> Exercise input:
################

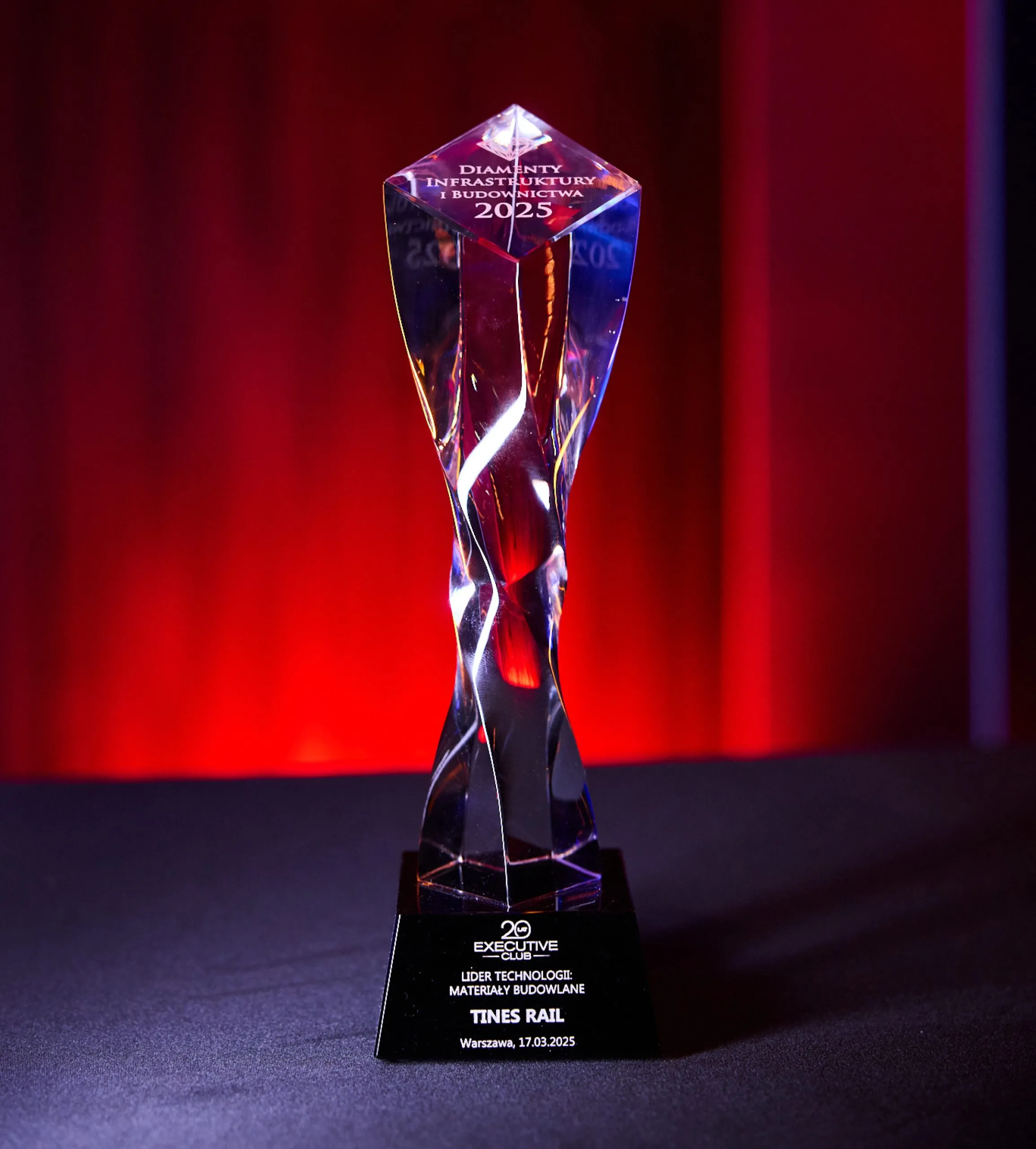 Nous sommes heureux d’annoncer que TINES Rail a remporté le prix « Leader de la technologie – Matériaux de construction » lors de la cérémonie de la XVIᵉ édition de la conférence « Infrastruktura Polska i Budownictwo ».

################

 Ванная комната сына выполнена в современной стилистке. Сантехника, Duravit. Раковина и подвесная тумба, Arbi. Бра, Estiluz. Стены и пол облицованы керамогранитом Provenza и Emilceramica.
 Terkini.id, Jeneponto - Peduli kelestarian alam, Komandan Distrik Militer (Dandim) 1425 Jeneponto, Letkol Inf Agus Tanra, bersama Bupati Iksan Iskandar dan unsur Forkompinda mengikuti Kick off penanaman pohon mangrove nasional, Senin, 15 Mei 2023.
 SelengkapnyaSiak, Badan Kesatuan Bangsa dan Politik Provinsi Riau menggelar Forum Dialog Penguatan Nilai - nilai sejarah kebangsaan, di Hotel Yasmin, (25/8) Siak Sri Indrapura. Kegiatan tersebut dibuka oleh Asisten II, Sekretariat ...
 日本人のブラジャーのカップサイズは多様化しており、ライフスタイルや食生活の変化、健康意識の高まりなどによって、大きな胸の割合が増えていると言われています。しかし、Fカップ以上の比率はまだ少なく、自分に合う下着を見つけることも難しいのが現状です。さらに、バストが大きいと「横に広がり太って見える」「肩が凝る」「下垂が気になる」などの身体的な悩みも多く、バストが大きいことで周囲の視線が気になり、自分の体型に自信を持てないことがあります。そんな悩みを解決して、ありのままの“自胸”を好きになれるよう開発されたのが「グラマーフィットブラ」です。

################

> Aim of the task:
Repeat exactly the lines of the listing above, from the one with "Terkini.id, Jeneponto - Peduli" down to the one with "日本人のブラジャーのカップサ"; both of those lines belong in the range.

> Solution for this problem:
 Terkini.id, Jeneponto - Peduli kelestarian alam, Komandan Distrik Militer (Dandim) 1425 Jeneponto, Letkol Inf Agus Tanra, bersama Bupati Iksan Iskandar dan unsur Forkompinda mengikuti Kick off penanaman pohon mangrove nasional, Senin, 15 Mei 2023.
 SelengkapnyaSiak, Badan Kesatuan Bangsa dan Politik Provinsi Riau menggelar Forum Dialog Penguatan Nilai - nilai sejarah kebangsaan, di Hotel Yasmin, (25/8) Siak Sri Indrapura. Kegiatan tersebut dibuka oleh Asisten II, Sekretariat ...
 日本人のブラジャーのカップサイズは多様化しており、ライフスタイルや食生活の変化、健康意識の高まりなどによって、大きな胸の割合が増えていると言われています。しかし、Fカップ以上の比率はまだ少なく、自分に合う下着を見つけることも難しいのが現状です。さらに、バストが大きいと「横に広がり太って見える」「肩が凝る」「下垂が気になる」などの身体的な悩みも多く、バストが大きいことで周囲の視線が気になり、自分の体型に自信を持てないことがあります。そんな悩みを解決して、ありのままの“自胸”を好きになれるよう開発されたのが「グラマーフィットブラ」です。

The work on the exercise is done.